[Stored data]

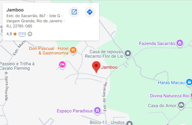 O Jamboo é um espaço localizado no bairro de Vargem Grande, zona oeste do Rio de Janeiro, cercado de muito verde, próximo a maior floresta urbana do Mundo, o Parque Estadual da Pedra Branca.
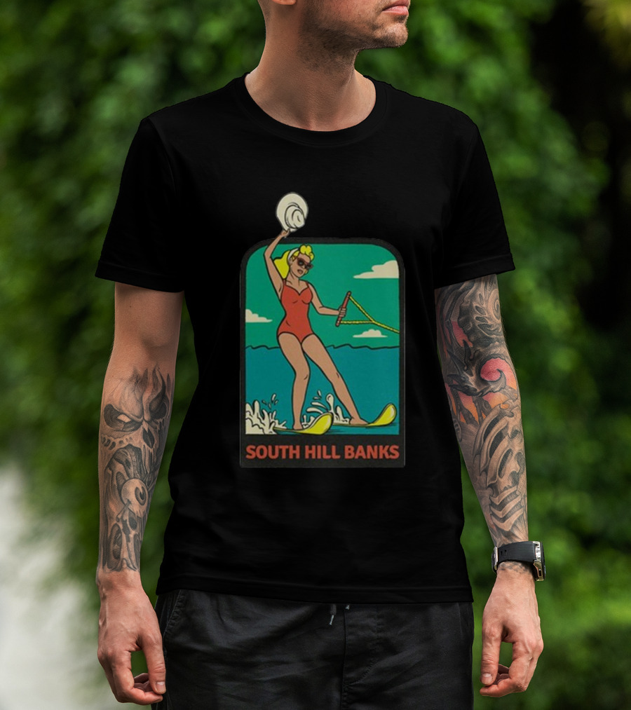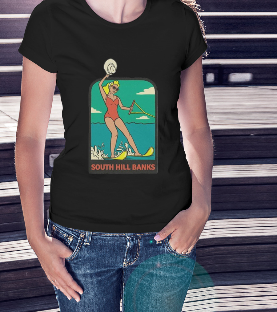 South Hill Banks Waterskiing Woman In Red Swimsuit T-Shirt
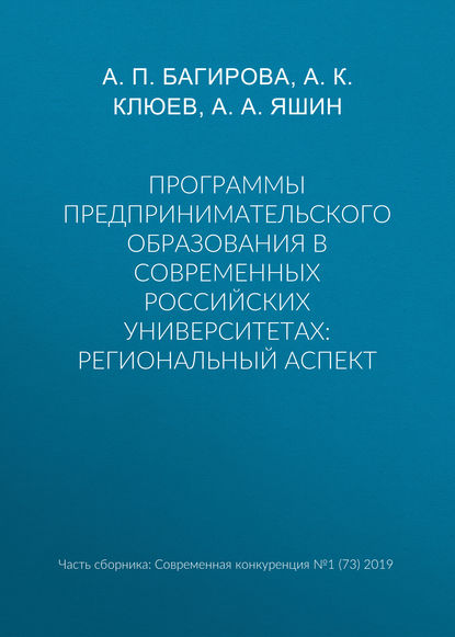 Подробная информация о книге «Программы предпринимательского образования в современных российских университетах: региональный аспект А. А. Яшин, А. К. Клюев, Анна Петровна Багирова». Сайт не предоставляет возможности читать онлайн или скачать бесплатно книгу «Программы предпринимательского образования в современных российских университетах: региональный аспект А. А. Яшин, А. К. Клюев, Анна Петровна Багирова».
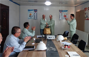 在与我司项目总承包现场团队成员以及华建监理现场团队成员的座谈会上,盛跃星书记代表中化蓝天集团向我司项目现场管理、监理人员表示亲切的慰问,充分肯定我司项目现场管理人员、监理人员的辛勤付出和展现的工作业绩。盛书记在讲话中谈到,在与业主方领导的沟通交流后,充分感受到我司现场人员勤奋、努力、踏实的工作作风,全体同事发扬不怕苦、不怕累的精神,以积极乐观的工作态度、专业敬业的工作精神,克服现场艰苦条件所带来的种种不利因素,积极认真的开展工程总承包管理和工程监理工作,赢得业主好评,在公司内部树立了积极努力、拼搏向上的工作典范。盛书记还就现场工作检查中发现的一些问题给予了指导并提出工作要求。
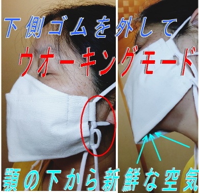 マスクゴムを上下に分ける事で、マスクの下部を開くようにしました。
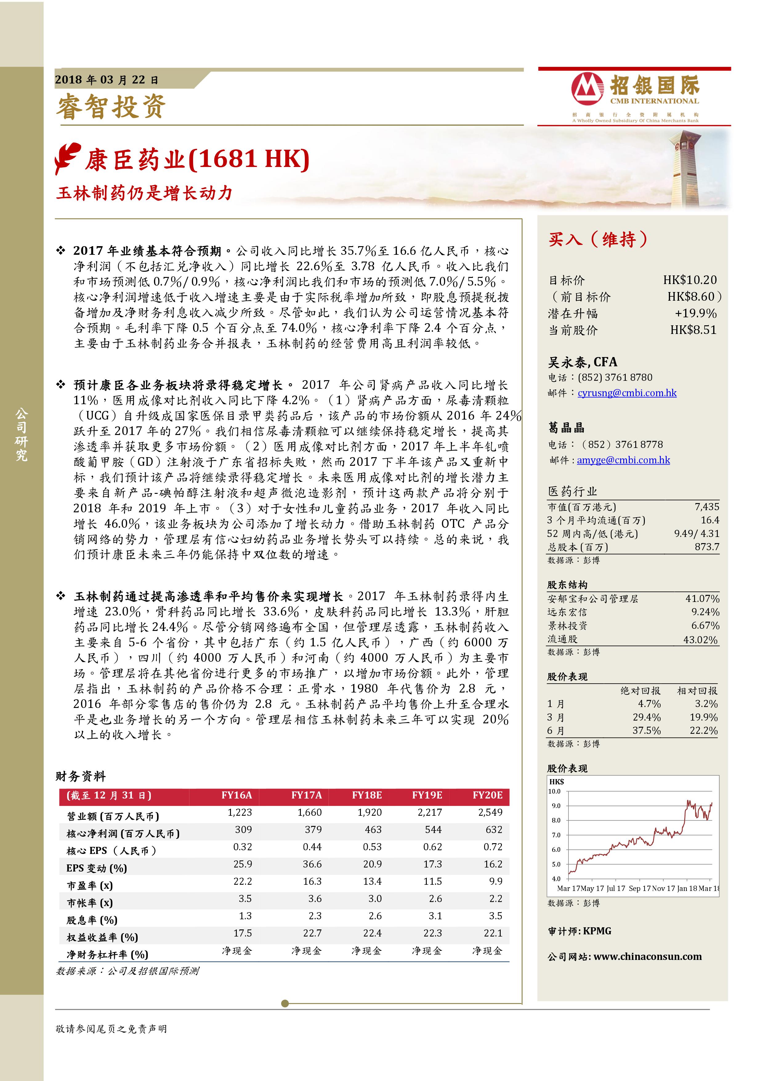 招銀國(guó)際-康臣1681:玉林制藥仍是增長(zhǎng)動(dòng)力,維持“買(mǎi)入”評(píng)級(jí)

**Goal of the exercise**
Begin at the line containing "マスクゴムを上下に分ける事で、マスクの下部を開くようにしました。" and stop at the last line of the data. Repeat only those lines, exactly, and leave out the pictures.

**Solution for this task**
 マスクゴムを上下に分ける事で、マスクの下部を開くようにしました。
 招銀國(guó)際-康臣1681:玉林制藥仍是增長(zhǎng)動(dòng)力,維持“買(mǎi)入”評(píng)級(jí)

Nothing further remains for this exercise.